Tuesday, August 14, 2012

My Dark Side

Lately I have been working on something that I believe will change the way I handle my bipolar.  When I have a mood I have a hard time not seeing it as me and this is who I am, but Aaron keeps telling me that when I am in that mood it is my dark side not the real me.  Then we heard the new Kelly Clarkson song "Dark side"  (click link below to see video).

Kelly Clarkson "Dark Side"

"There's a place that i know it's not pretty there and few have ever gone if i show it to you now will it make you run away
or will you stay even if it hurts even if i try to push you out will you return? and remind me who i really am please remind me who i really am
everybody's got a dark side do you love me? can you love mine? nobody's a picture perfect but we're worth it you know that we're worth it will you love me? even with my dark side?
like a diamond from black dust it's hard to know what can become If you give up so don't give up on me please remind me who i really am [ From: http://www.metrolyrics.com/dark-side-lyrics-kelly-clarkson.html ]
everybody's got a dark side do you love me? can you love mine? nobody's a picture perfect but we're worth it you know that we're worth it will you love me? even with my dark side?
don't run away don't run away just tell me that you will stay promise me you will stay don't run away don't run away just promise me you will stay promise me you will stay
will you love me? ohh
everybody's got a dark side do you love me? can you love mine? nobody's a picture perfect but we're worth it you know that we're worth it will you love me? even with my dark side?" -Kelly Clarkson, Dark Side


Aaron told me this is my theme song, and I know he is SO right.  The line that touches me the most is "if i try to push you out will you return? and remind me who i really am please remind me who i really am?" because when my dark side is ragging I don't remember who I am my dark side tells me who that she is the real me.
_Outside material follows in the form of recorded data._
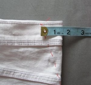- Измерете получената стойност от сгънатата бастинг от двете страни и положете линиите с контрастни нишки.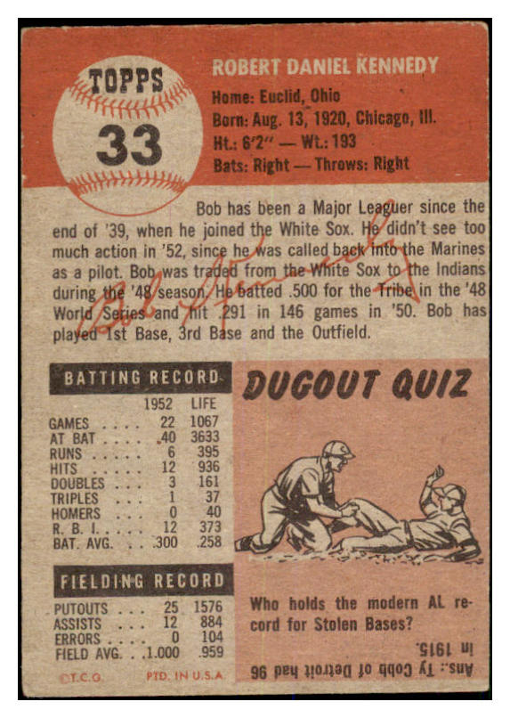 1953 Topps Baseball #033 Bob Kennedy Indians EX 528628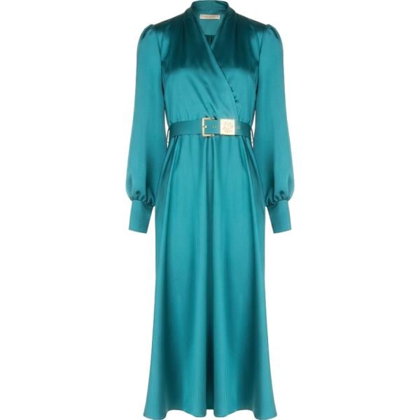 Vestito longuette/midi da donna in azzurro collo a v con fibbia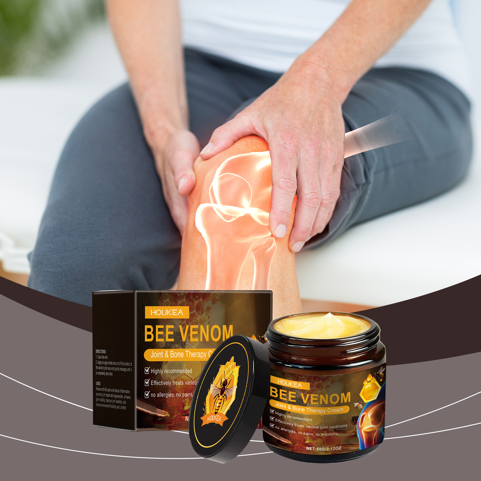 Houkea Bee Venom Joint Care Cream, Gentle Ingredients To Relieve Discomfort Neck Knees Legs Rub Massage Treatment

I don't want my dark side to be the real me, but when she rages I loose sight of all that I really am, and say things that afterwards I don't remember saying at all.  And that is the part that I hate the most that the real me gets lost in the rage. 

Right now in the management of my illness I am trying to remember that the person who comes out in the rage is not the real me, but my Dark Side.  She is the one who comes to destroy me and convince me that all that she says is true and that I should give in to her wishes. I want to be able to counter her rage and destructive ways so that my moods are shorter and that the real me becomes the one who is stronger because I have Christ to be my strength.  

Please don't assume I am saying that I have a split personality because I don't, but what bipolar does to me is make me depressed, raged, or elated with no middle, and when I am like any of these moods it is dangerous because I am not in my middle mind which is the REAL ME! I want to conquer my dark side, and come out stronger because I have been clinging to the cross and a husband who has been sent by God to help guide me out of my dark side.  

I have a dark side, but it will not win!!!!